▶ **EXERCISE INSTRUCTIONS**: Among the entries below, extract exactly the lines that run from the one with "Kit Cilios 10" through the one with "Binance 系(Aster、StandX)、Amber 系(edgeX)、Paradigm", both ends included.

▶ **MATERIAL FOR THE TASK**:
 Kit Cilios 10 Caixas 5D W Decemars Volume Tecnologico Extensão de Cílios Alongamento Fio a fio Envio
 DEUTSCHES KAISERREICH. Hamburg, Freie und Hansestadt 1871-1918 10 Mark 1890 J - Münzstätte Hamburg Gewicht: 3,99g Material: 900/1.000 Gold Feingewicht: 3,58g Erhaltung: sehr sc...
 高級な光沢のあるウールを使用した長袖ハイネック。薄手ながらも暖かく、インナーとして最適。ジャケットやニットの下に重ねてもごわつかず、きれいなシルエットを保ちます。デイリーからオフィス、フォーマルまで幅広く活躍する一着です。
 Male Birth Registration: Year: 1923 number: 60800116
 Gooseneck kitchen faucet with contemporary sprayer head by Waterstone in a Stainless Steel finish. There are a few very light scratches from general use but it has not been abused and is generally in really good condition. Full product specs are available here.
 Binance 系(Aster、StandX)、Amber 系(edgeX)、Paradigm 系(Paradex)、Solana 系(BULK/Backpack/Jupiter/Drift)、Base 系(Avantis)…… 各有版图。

--

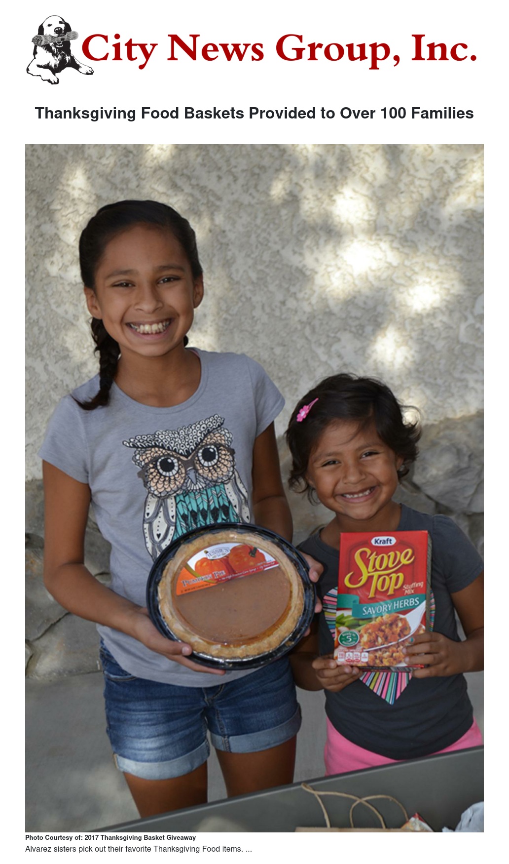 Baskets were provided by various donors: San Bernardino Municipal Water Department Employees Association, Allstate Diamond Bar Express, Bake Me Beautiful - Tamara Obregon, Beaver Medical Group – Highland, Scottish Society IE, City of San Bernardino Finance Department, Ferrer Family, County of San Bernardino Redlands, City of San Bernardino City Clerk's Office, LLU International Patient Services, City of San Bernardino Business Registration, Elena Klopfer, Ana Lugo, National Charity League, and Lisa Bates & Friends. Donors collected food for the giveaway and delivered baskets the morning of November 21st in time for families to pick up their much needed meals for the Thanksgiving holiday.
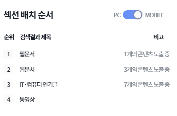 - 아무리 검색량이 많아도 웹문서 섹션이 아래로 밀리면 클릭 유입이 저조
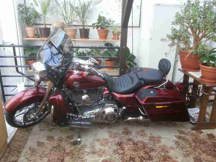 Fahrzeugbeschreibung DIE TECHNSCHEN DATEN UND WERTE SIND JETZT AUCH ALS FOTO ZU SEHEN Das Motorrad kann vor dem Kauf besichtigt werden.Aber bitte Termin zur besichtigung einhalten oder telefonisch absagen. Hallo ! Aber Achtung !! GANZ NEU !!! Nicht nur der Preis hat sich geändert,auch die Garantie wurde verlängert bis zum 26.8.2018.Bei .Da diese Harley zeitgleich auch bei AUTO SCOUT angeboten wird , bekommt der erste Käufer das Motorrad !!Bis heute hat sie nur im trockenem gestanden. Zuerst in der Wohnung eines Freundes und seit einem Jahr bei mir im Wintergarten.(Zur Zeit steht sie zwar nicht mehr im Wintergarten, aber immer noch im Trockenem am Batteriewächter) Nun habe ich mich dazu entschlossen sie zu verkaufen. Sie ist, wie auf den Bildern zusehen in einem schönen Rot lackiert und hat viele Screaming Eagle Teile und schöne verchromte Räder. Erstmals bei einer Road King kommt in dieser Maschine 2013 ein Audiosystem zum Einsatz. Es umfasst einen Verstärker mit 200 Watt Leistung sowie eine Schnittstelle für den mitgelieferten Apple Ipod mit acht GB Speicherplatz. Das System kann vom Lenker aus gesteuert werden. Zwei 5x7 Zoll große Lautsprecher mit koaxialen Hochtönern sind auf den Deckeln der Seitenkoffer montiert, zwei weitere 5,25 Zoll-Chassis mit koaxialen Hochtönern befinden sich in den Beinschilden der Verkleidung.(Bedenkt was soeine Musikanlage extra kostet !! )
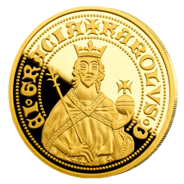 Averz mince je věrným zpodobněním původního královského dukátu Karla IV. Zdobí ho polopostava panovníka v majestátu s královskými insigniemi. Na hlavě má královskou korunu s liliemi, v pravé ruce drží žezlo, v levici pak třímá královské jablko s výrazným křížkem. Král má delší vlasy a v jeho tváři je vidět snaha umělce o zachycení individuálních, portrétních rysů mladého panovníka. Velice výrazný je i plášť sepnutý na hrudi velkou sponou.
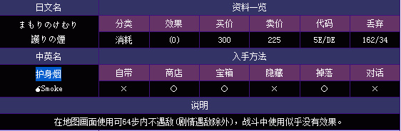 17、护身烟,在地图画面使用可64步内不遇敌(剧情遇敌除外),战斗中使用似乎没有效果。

* * *

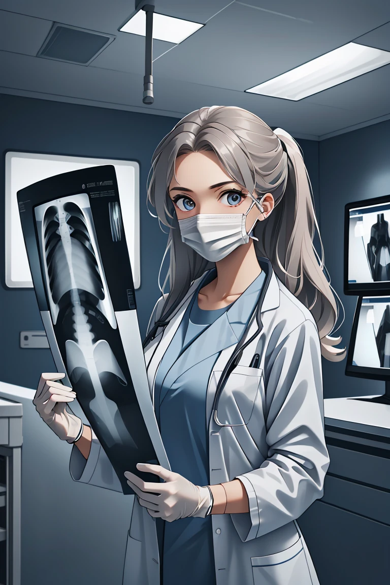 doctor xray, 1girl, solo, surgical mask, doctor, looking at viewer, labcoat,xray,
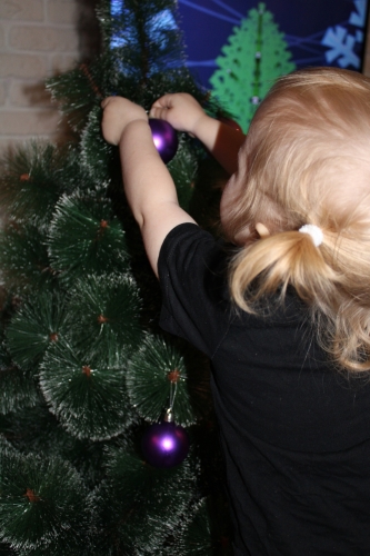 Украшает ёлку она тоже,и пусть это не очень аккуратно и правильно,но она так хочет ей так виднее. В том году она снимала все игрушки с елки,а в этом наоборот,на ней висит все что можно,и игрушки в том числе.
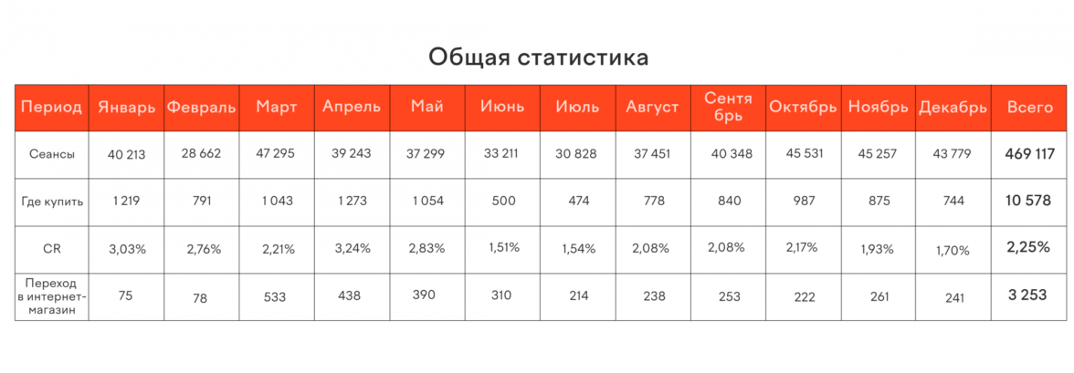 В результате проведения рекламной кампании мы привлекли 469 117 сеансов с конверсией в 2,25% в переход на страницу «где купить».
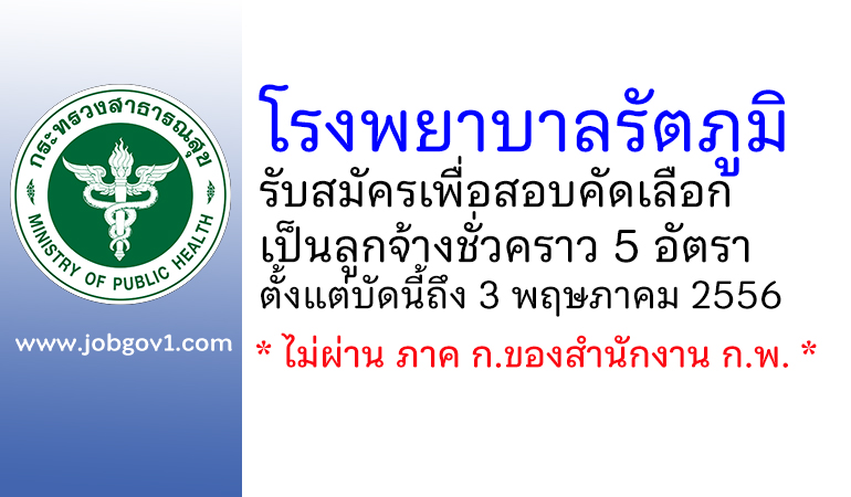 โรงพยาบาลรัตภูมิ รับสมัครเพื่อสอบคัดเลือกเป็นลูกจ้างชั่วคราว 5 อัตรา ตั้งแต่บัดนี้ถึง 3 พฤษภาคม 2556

▶ **WRITTEN RESPONSE**:
 Kit Cilios 10 Caixas 5D W Decemars Volume Tecnologico Extensão de Cílios Alongamento Fio a fio Envio
 DEUTSCHES KAISERREICH. Hamburg, Freie und Hansestadt 1871-1918 10 Mark 1890 J - Münzstätte Hamburg Gewicht: 3,99g Material: 900/1.000 Gold Feingewicht: 3,58g Erhaltung: sehr sc...
 高級な光沢のあるウールを使用した長袖ハイネック。薄手ながらも暖かく、インナーとして最適。ジャケットやニットの下に重ねてもごわつかず、きれいなシルエットを保ちます。デイリーからオフィス、フォーマルまで幅広く活躍する一着です。
 Male Birth Registration: Year: 1923 number: 60800116
 Gooseneck kitchen faucet with contemporary sprayer head by Waterstone in a Stainless Steel finish. There are a few very light scratches from general use but it has not been abused and is generally in really good condition. Full product specs are available here.
 Binance 系(Aster、StandX)、Amber 系(edgeX)、Paradigm 系(Paradex)、Solana 系(BULK/Backpack/Jupiter/Drift)、Base 系(Avantis)…… 各有版图。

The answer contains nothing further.